#### [ASSIGNMENT]
Nothing but the lines from the one with "2️⃣소음이 적고 에너지" through the last line of the entries below should appear in the copy, please, and no pictures.

─── RECORDS PROVIDED ───

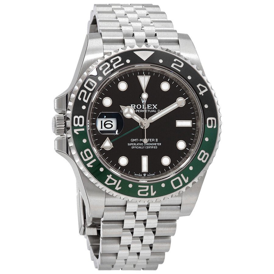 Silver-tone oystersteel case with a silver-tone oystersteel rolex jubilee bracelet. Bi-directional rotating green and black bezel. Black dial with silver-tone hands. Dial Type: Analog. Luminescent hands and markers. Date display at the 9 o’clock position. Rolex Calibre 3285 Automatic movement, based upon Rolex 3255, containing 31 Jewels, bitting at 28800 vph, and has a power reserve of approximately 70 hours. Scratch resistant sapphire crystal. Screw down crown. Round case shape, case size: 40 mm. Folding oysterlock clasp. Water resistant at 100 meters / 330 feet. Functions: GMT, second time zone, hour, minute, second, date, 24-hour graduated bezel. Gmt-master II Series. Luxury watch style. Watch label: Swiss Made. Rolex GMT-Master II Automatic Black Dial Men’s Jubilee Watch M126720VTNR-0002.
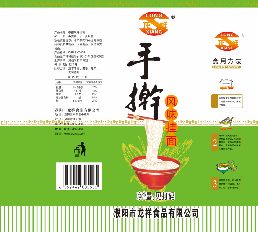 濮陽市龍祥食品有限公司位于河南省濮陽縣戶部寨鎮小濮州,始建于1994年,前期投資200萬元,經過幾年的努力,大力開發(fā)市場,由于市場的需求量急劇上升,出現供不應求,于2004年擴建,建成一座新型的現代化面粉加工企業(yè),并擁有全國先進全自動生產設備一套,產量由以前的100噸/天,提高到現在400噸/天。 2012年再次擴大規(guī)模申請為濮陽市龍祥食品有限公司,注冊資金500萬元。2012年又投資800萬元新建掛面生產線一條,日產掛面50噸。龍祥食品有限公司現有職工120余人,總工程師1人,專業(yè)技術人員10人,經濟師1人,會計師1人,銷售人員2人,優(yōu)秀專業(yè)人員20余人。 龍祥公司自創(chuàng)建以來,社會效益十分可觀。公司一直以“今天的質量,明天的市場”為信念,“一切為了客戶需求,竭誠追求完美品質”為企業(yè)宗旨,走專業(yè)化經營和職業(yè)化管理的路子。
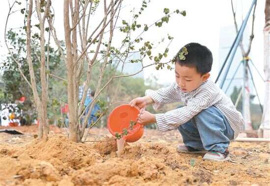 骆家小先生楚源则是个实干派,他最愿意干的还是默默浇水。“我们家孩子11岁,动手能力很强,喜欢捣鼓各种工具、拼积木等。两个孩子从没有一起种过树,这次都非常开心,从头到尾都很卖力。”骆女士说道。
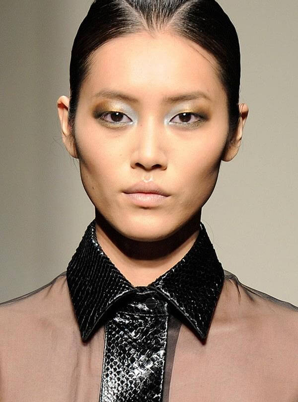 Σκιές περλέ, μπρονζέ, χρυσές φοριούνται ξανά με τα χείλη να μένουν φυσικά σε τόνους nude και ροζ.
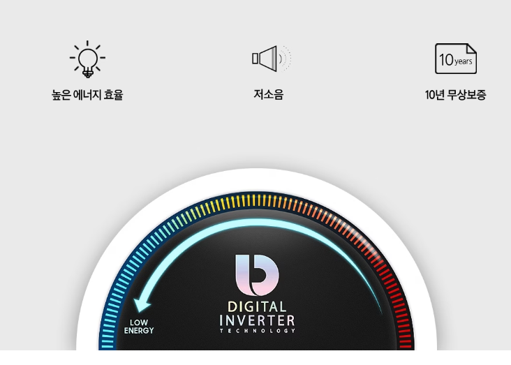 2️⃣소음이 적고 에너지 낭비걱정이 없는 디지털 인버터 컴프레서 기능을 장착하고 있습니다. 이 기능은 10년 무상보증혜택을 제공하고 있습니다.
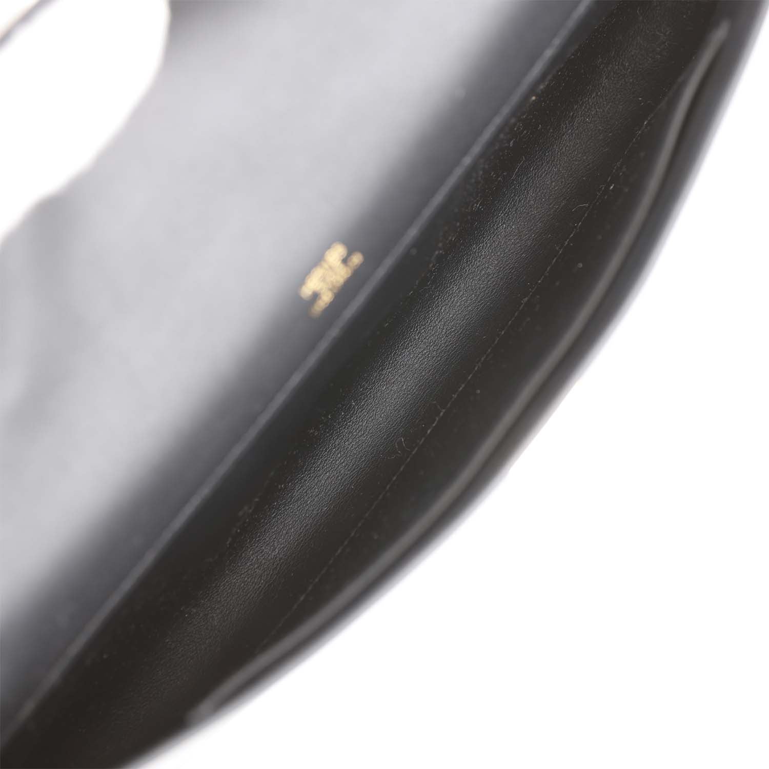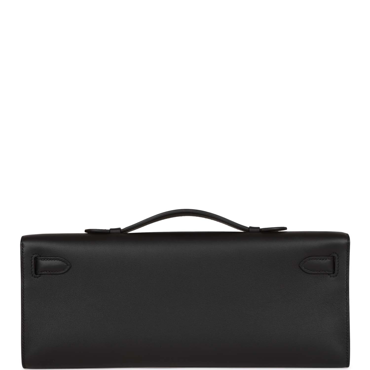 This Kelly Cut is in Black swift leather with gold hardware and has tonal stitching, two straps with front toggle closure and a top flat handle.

───

#### [ANSWER SPACE]
 2️⃣소음이 적고 에너지 낭비걱정이 없는 디지털 인버터 컴프레서 기능을 장착하고 있습니다. 이 기능은 10년 무상보증혜택을 제공하고 있습니다.
 This Kelly Cut is in Black swift leather with gold hardware and has tonal stitching, two straps with front toggle closure and a top flat handle.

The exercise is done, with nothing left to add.